About Writing: Waiting on Sean Flynn

Waiting on Sean Flynn, Portland, OR 1997

Waiting on Sean Flynn, Portland, OR 1997

I grew up at an odd time, too young to genuinely be a boomer, too old for Gen X. I saw the Beatles on Ed Sullivan, but it’s an early, hazy memory. The Vietnam War seemed one long nightly newscast of gory firefights and violent protests. The draft ended just about the time I began to worry about it. And, just as I began to develop a political consciousness, Saigon fell; as helicopters dropped from aircraft carrier decks, jerking like wounded insects, I knew history unfolded before me: the forever intersection between before and after.

The trio of late 70s films seriously addressing the war: Coming Home, The Deer Hunter, and, especially, Apocalypse Now, seemed Rosetta Stones to jumbled, disconnected images, as did Michael Herr’s brilliant Vietnam War memoir, Dispatches. For a time, the war obsessed me. I couldn’t stop looking, even if, at times, what I saw horrified me.

Sean Flynn, Tampa

Waiting on Sean Flynn, Jobsite Theatre, Tampa

Finding one’s way into stories takes time, and I’m not sure what during the early 90s renewed my interest in the war. Maybe Bill Clinton’s election–the first Vietnam-era president–brought back those helicopters. But I began to read about the war again. Voraciously. Watched the films again. A play didn’t present itself until I began to dig into those final days from April 1975, when after began.
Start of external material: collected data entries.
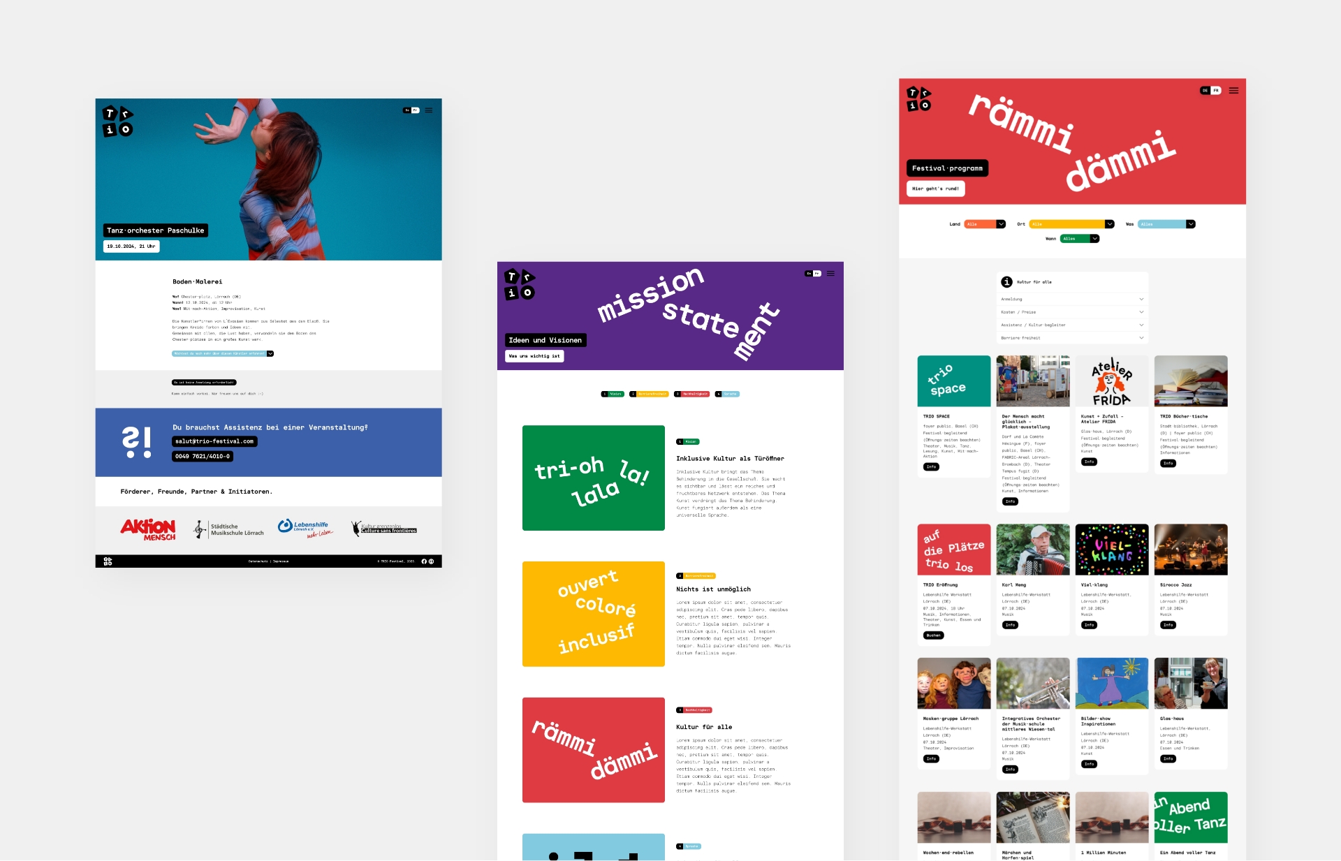 Using playful typographic building bricks as a basis, we created a versatile and flexible visual language. The design plays with color, strong typographic statements and dynamic and weightless compositions. The festival’s website became the central platform showcasing over 70 events by people with disabilities held over a period of 12 days in Germany, Switzerland and France.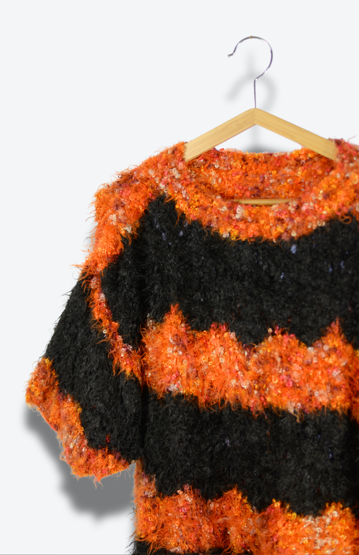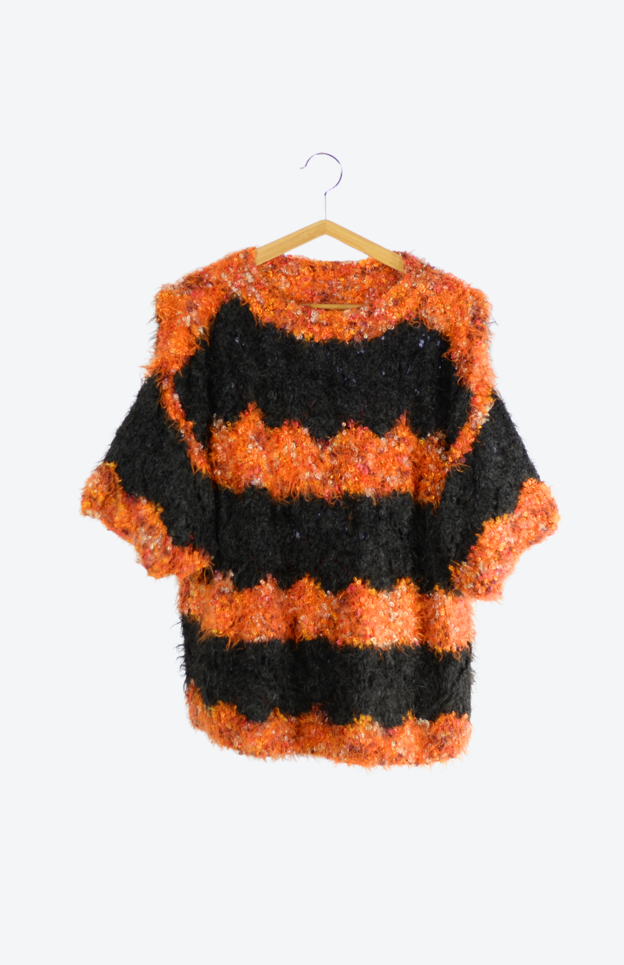 Fluffy střapatý svetr s krátkým rukávem. Lehce žíhaný, žinylkový úplet. Originální retro kousek.Stav: Ve skvělém stavu, bez vad.Materiál: bez cedulky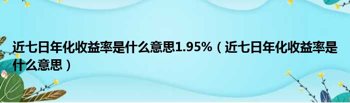 近七日年化收益率是什么意思1.95%(近七日年化收益率是什么意思)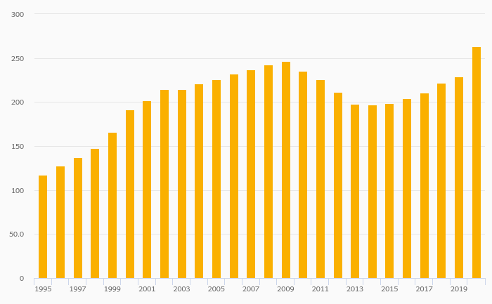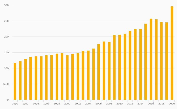 Households' Non-Financial Assets (As % of GDP) rose 21.0% to 297% in Canada in 2020
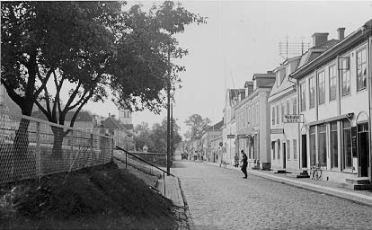 Brahegatan söderut från torgets norra uppfart. Närmast i bild till höger ligger "Matsalar Kafé" följt "Damfrisering" och "Holgers Pappershandel". Enstaka cyklar står parkerade utmed gatan. En man går över gatan. Trottoaren har en rad med borgmästarsten.
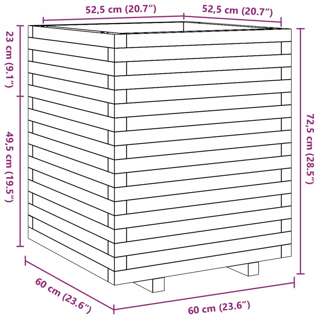 Горщик для квітів садовий, восково-коричневий, 60x60x72,5 см, сосна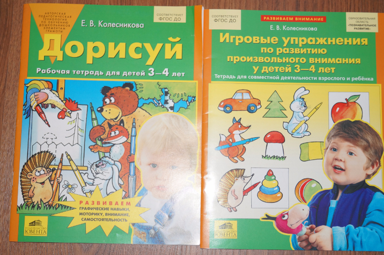 Еще пособия Е.В. Колесниковой Игровые упражнения по развитию произвольного внимания у детей 3-4 лет и Дорисуй. Рабочая тетрадь для детей 3-4 лет.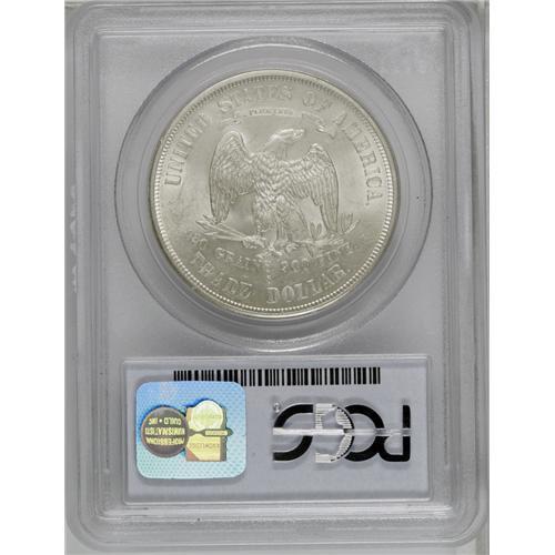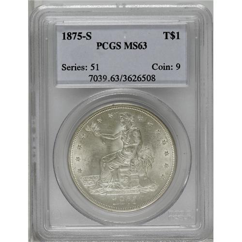 <B>1875-S<T$1> MS63 PCGS.</B></I> Type One Obverse and Reverse. Mostly brilliant with shimmering, satiny fields that are only modestly affected by scattered surface marks. Although produced in substantial numbers (nearly 4.5 million pieces), Select and better survivors are not around in abundance. <BR><BR><B>Important notice:</B> Heritage usually auctions material at the rate of 200-250 lots per hour. On some occasions eBay Live bid software or the Internet may not be able to keep up with the pace of the auction. We recommend placing a realistic absentee bid now as insurance to avoid disappointment. Occasionally the auctioneer may eliminate or reject an eBay Live bid, and the auctioneer may also reopen a lot after the close of the eBay live bidding (usually because we missed an audience bid), and may reject your bid even if it shows you as the winning bidder. By bidding via eBay Live, you agree that Heritage may award the lot to another bidder at its sole discretion under the circumstances described above or any other reasonable circumstances. Since eBay bids are not shown to us until we open the lot on the floor, we treat those bids just like floor bids. In most cases the floor responds before the eBay bid is presented to us, due to Internet lag time, so for consistency we have made it a policy that floor bids are always considered first over tie eBay live bids. Also please note that all Heritage lots purchased through eBay Live carry a 20% Buyer's Premium. Please make sure you read the Terms and Conditions before you bid. This lot is being auctioned in conjunction with a live floor auction by Heritage Galleries & Auctioneers. All final auction and invoice information will be supplied by Heritage Galleries & Auctioneers, and all other information should be considered preliminary. Lot:2222 <BR><BR><B>Winning Notification and Billing:</B> After the FINAL session in this auction is complete, Heritage will send e-mail and snail mail invoices. This process normally takes several days. All final auction and invoice information will be supplied by Heritage Galleries & Auctioneers, and all other information should be considered preliminary. <BR><BR>This auction will be conducted on a live auction floor and over the Internet through eBay Live. If you choose to place an absentee bid, please take a moment to <font color='#0000ff'><u><a href='http://pages.ebay.com/liveauctions/help/before/laabsentee.html'>learn how eBay Live absentee bidding works</a></u></font><font color='#000000'>

Whenever you read history, particularly about traumatic events, you wonder what you would have done had you been there, and when I read that Peter Arnett was one of the few reporters who stayed in Saigon after the fall, risking his life to witness history, I asked myself (as a former journalist) what choice I would have made. I’ve never found an answer, but suddenly I had a play to write.